PROMPT: Copy the lines below, please, starting with the one that contains "Kjøkkenhåndkle-sett (2 stk)" and ending with the last. Pictures stay out.

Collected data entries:
_ _ _ _ _ _ _

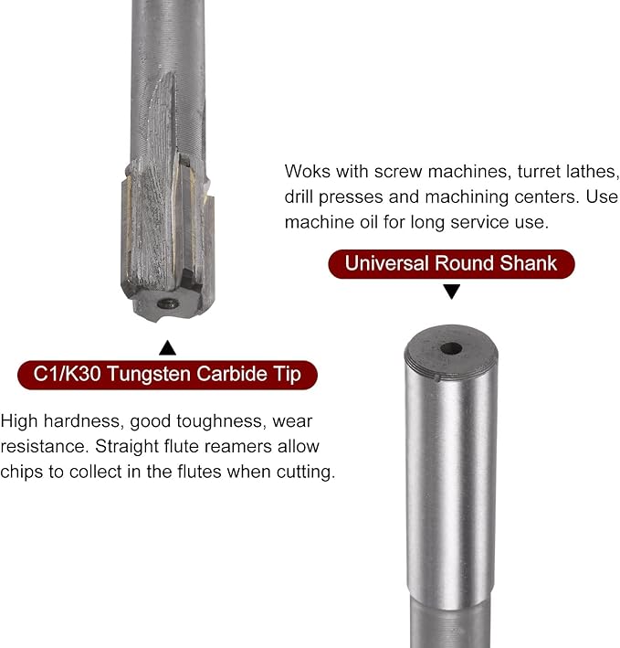 注意 - スクリューマシン、タレット旋盤、ドリルプレス、マシニングセンターなど、あらゆるタイプの機器に使用できます。 リーマーは常に清潔に保ち、マシンオイルと一緒に使用して長期間使用できます。 高品質のツールホルダーに保管してください。
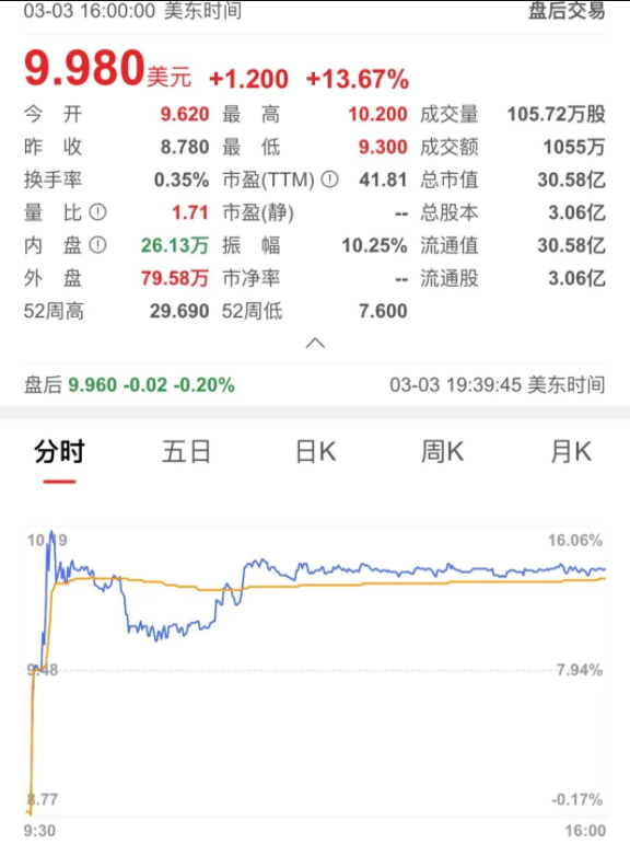 北京时间3月3日晚上,名创优品发布新一季财报后3小时,美股开市,名创优品大涨12.76%。截至收盘,涨幅为13.67%。
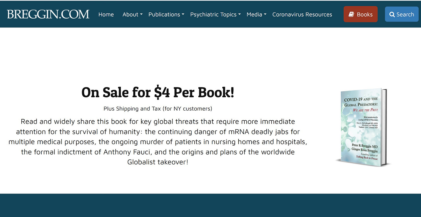 Find us on Substack at: Breggin Alerts! Exposing Global Predators
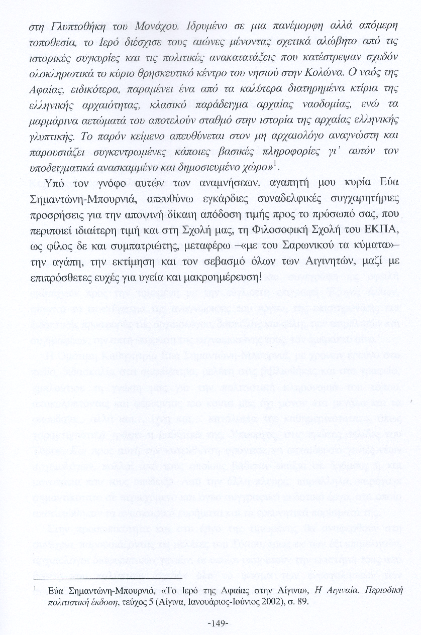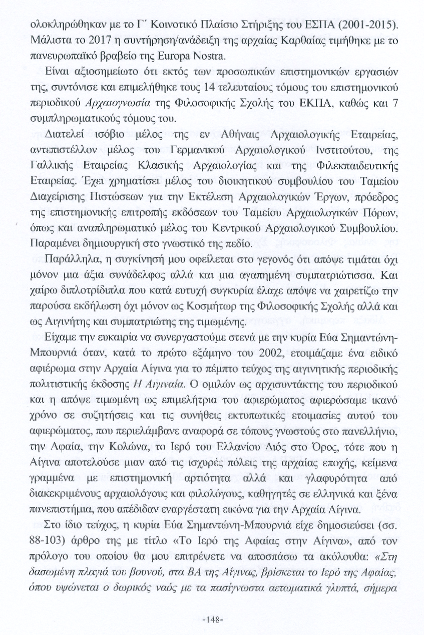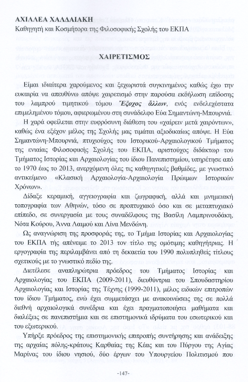 Χαιρετισμός κατά την επίδοση τιμητικού τόμου στην Εύα Σημαντώνη-Μπουρνιά (6 Μαρτίου 2023)
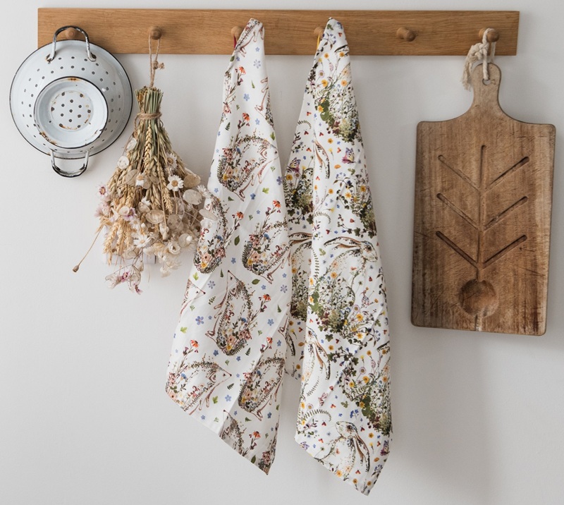 "Wildflower Hare & Hedgehogs" Kjøkkenhåndkle-sett (2 stk)
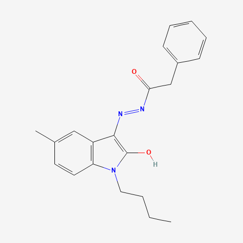 - Synonyms:DTXSID901126860;AKOS002703908;Benzeneacetic acid, 2-(1-butyl-1,2-dihydro-5-methyl-2-oxo-3H-indol-3-ylidene)hydrazide;609781-35-3
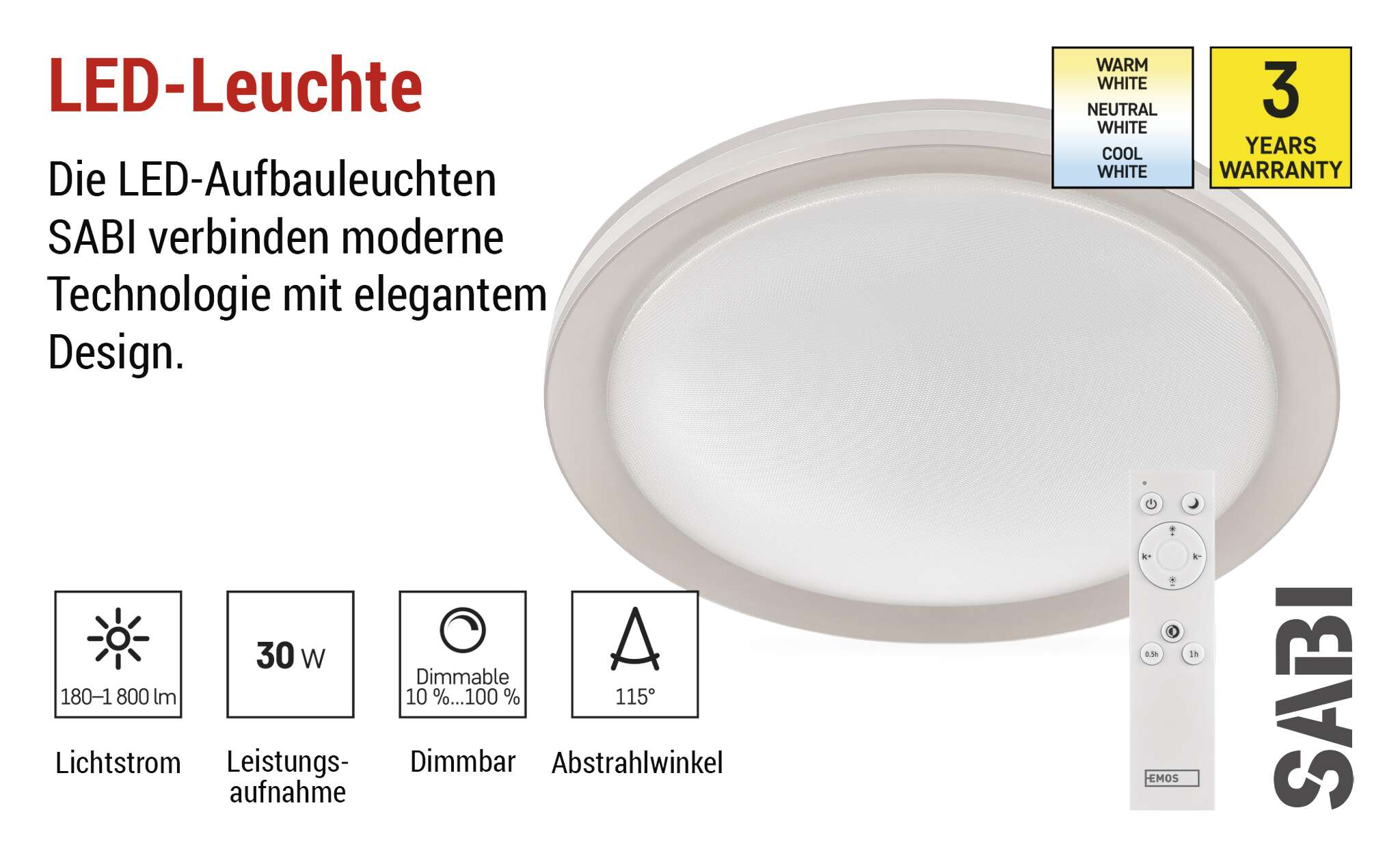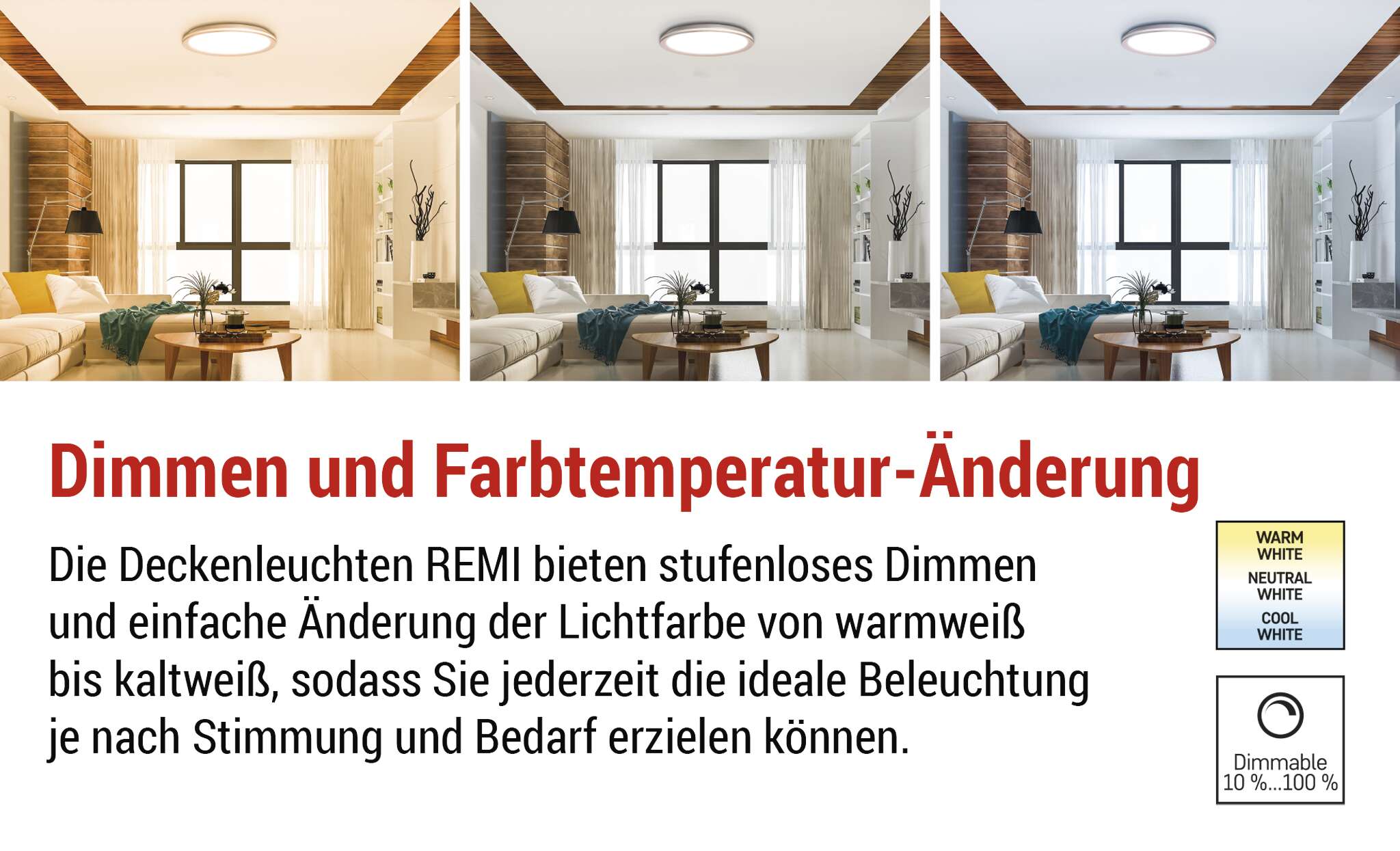 LED Deckenleuchte SABI, rund, 30W, dimmbar, warm/neut./kaltweiß

_ _ _ _ _ _ _

COMPLETED TASK:
 "Wildflower Hare & Hedgehogs" Kjøkkenhåndkle-sett (2 stk)
 - Synonyms:DTXSID901126860;AKOS002703908;Benzeneacetic acid, 2-(1-butyl-1,2-dihydro-5-methyl-2-oxo-3H-indol-3-ylidene)hydrazide;609781-35-3
 LED Deckenleuchte SABI, rund, 30W, dimmbar, warm/neut./kaltweiß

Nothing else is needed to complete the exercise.